Date

Can you buy wins in baseball? Baseball is well known for having gross discrepancies in team payrolls, Alex Rodriguez of the New York Yankees made more money this year than the entire Houston Astros roster. Intuitively more money should buy better players and result in more wins on average. Let's test our intuition by comparing payrolls with the final regular season standings.
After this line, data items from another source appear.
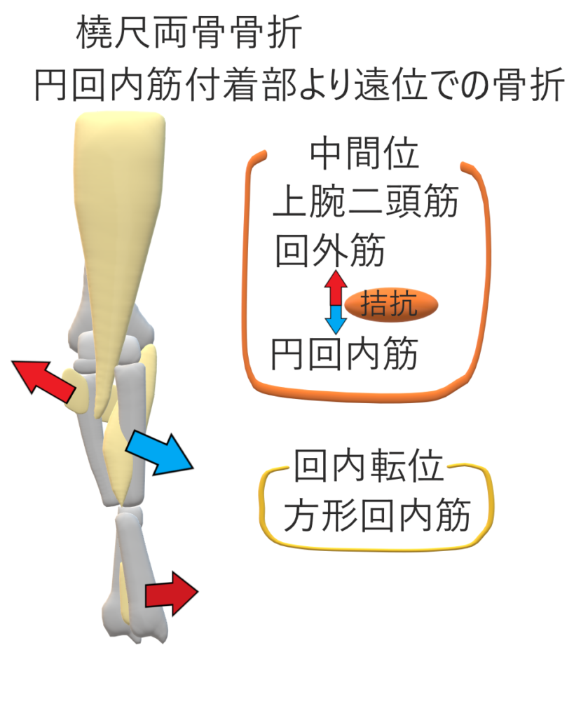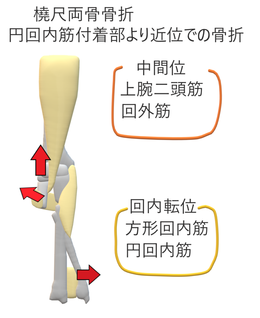 近位骨片:中間位(回外筋、上腕二頭筋と円回内筋の拮抗)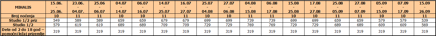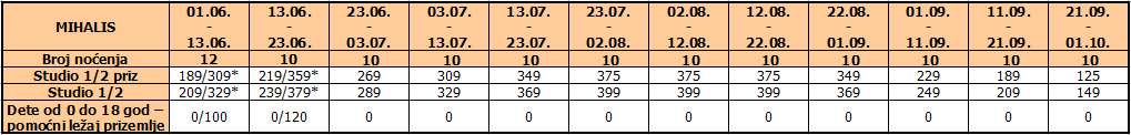 *dete od 2 do 18 godina – plaća iznos iz tabele i ima svoj krevet u std 1/2+1 u pratnji 2 odrasle osobe.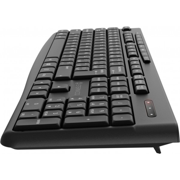 Súprava bezdrôtovej klávesnice a myši, nízkoprofilové klávesy, pripojenie 2,4 GHz, voliteľné DPI 800 - 1600, batérie AA a AAA, obsahuje cz/sk klávesy.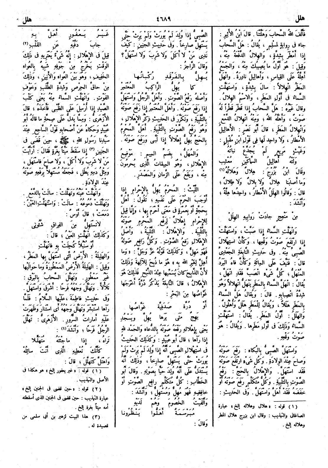 قيل في الإِهْلال إِنه شيء يعتريه في ذلك الوقت يخرج من جوفه شبيه بالعُواء الخفيف وهو بين العُواء والأَنين وذلك من حاقِّ الحِرْص وشدّة الطلب وخوف الفَوْت وانهلَّت السماء منه يعني كلب الصيد إِذا أُرسل على الظَّبْي فأَخذه قال الأَزهري ومما يدل على صحة ما قاله أَبو عبيد وحكاه عن أَصحابه قول الساجع عند سيدنا رسول الله صلى الله عليه وسلم حين قَضى في الجَنين ( قوله « حين قضى في الجنين إلخ » عبارة التهذيب حين قضى في الجنين الذي أسقطته أمه ميتاً بغرة إلخ ) إِذا سقَط ميتاً بغُرَّة فقال أَرأَيت مَن لا شرب ولا أَكَلْ ولا صاح فاسْتَهَلّْ ومثل دَمِه يُطَلُّ فجعله مُسْتَهِلاًّ برفعِه صوته عند الوِلادة وانهلَّت عينُه وتَهَلَّلتْ سالت بالدمع وتَهَلَّلتْ دموعُه سالت واستهلَّت العين دمَعت قال أَوس لا تَسْتَهِلُّ من الفِراق شُؤوني وكذلك انْهَلَّتِ العَيْن قال أَو سُنْبُلاً كُحِلَتْ به فانْهَلَّتِ والهَليلةُ الأَرض التي استهلَّ بها المطر وقيل الهَلِيلةُ الأَرض المَمْطورة وما حَوالَيْها غيرُ مَمطور وتَهَلَّل السحابُ بالبَرْق تَلأْلأَ وتهلَّل وجهه فَرَحاً أَشْرَق واستهلَّ وفي حديث فاطمة عليها السلام فلما رآها استبشَر وتهلَّل وجهُه أَي استنار وظهرت عليه أَمارات السرور الأَزهري تَهَلَّل الرجل فرحاً وأَنشد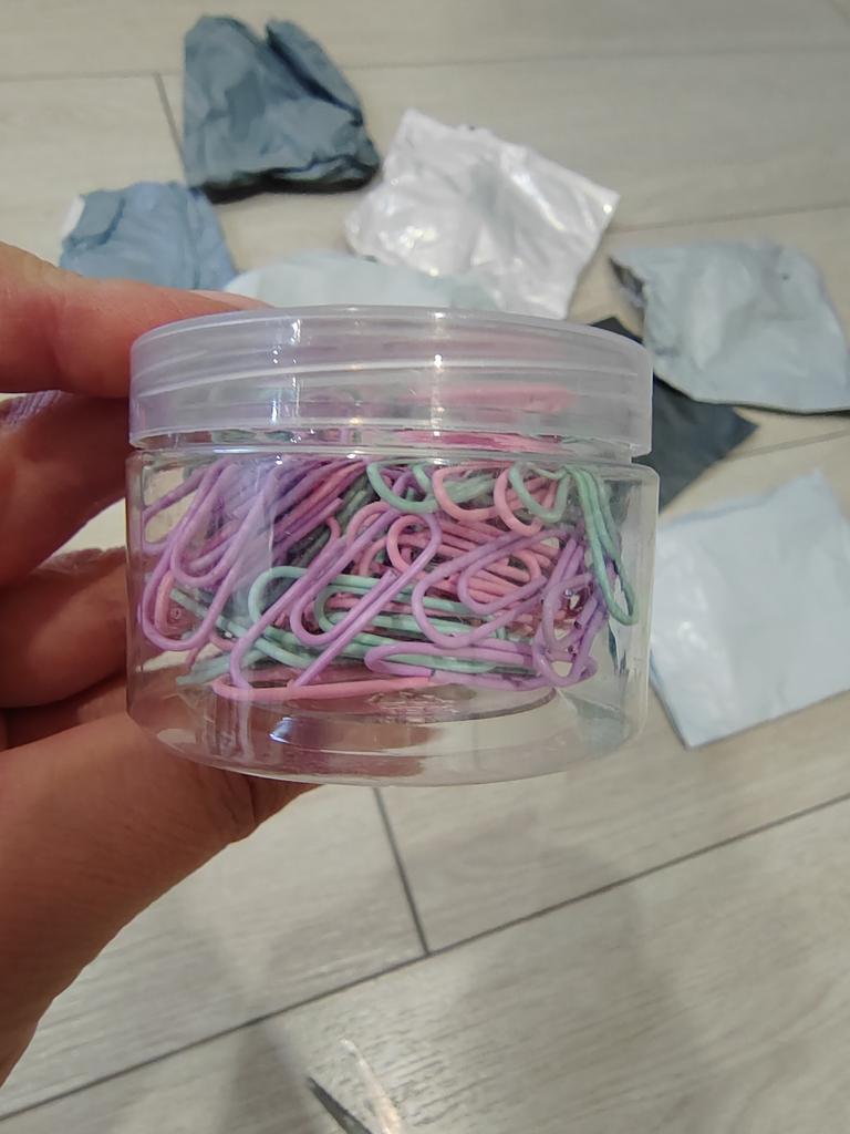 Everything is good, the paper clips are indeed colorful, the packaging suits me!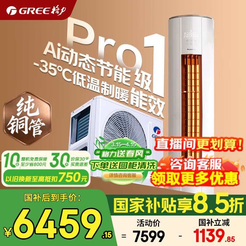 格力空调 云佳pro/云锦三代 3匹 新一级能效 变频冷暖 纯铜管 家用省电客厅立式空调柜机 家电国家补贴 3匹 云佳Pro AI动态节能 性价比爆款【悦省电同款】
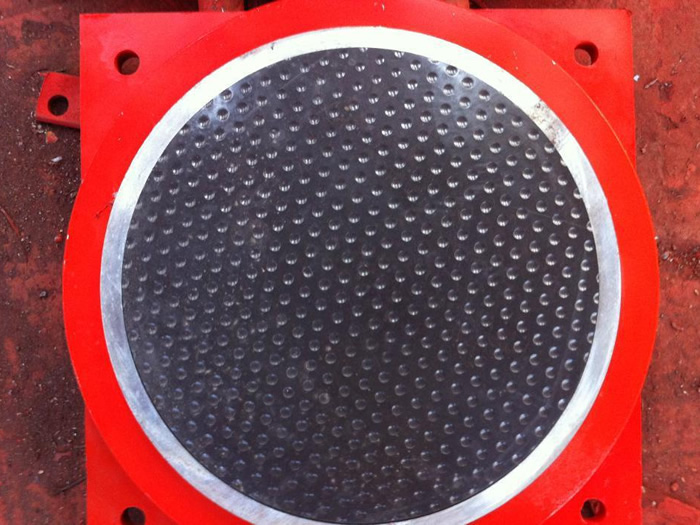 QZ系列球型支座是由上支座板、下支座板、凸形中間板及兩塊不同形狀的聚四氟乙烯板組成。下支座板中間為一凹形球面,同凸形中間包相對應(yīng),兩者之間有一弧形四氟板,通過求美棉與滑動來滿足梁端的轉(zhuǎn)動;上座板上的不銹鋼板與中間鋼板上的另一四氟板組成第二滑動面,完成梁體因溫差諸多原因所產(chǎn)生的伸縮位移。

Baseball Almanac has payroll data from 1985 to 2012. Unfortunately it isn't readily downloadable, so it has to be scraped. With Beautiful Soup this task isn't too difficult and I stuff the data into a handy pandas data frame.

In [11]:
import requests
import pandas as pd
from bs4 import BeautifulSoup

crm = str.maketrans('', '', '$,\n')

data = []
for year in range(1985, 2013):
    for league in ('a', 'n'):
        r = requests.get('http://www.baseball-almanac.com/yearly/yr' +
                         str(year) + league + '.shtml')
        assert(r.ok)
        soup = BeautifulSoup(r.text)

        header = soup.find(text='Team Standings').find_parent('tr')
        for r in header.find_next_siblings():
            entries = r.find_all('td')
            if len(entries) > 1 and entries[1].text.isdigit():
                d = {}
                d['year'] = year
                d['team'] = entries[0].text.replace('\n', '')
                d['wins'] = int(entries[1].text)
                d['payroll'] = int(entries[-1].text.translate(crm))
                data.append(d)

df = pd.DataFrame(data)
In [12]:
len(df)
Out[12]:
795

We have 795 data points and let's take a quick glance at the data.

In [13]:
df[(df.team == 'Oakland Athletics') & (df.year.isin(range(2008,2013)))]
Out[13]:
payroll team wins year
657 47967126 Oakland Athletics 75 2008
688 62310000 Oakland Athletics 75 2009
716 51654900 Oakland Athletics 81 2010
747 66536500 Oakland Athletics 74 2011
775 55372500 Oakland Athletics 94 2012

The last five years of data for Oakland looks good so let's continue.

Constructing a Model

I'm going to assume the probability of winning a game is solely a function of a team's payroll, specifically the fraction that team spent compared to the entire league. As implied by the title I'm going to take a Bayesian approach and use a generalized linear model. The likelihood for number of wins will be a binomial with $n=162$ and $p = 1/(1 + e^{-(\theta_1 x + \theta_2)})$, where $x$ is the team's fractional payroll. The priors on the parameters will be Normal, $\theta_1 \sim N(0, \sigma^2_1)$ and $\theta_2 \sim N(0, \sigma^2_2)$. The hyperparameters $\sigma^2_1$ and $\sigma^2_2$ are fixed. With the model specified we just need to turn the Bayesian crank to get the posterior distributions for $\theta$ and determine how payrolls influence the game.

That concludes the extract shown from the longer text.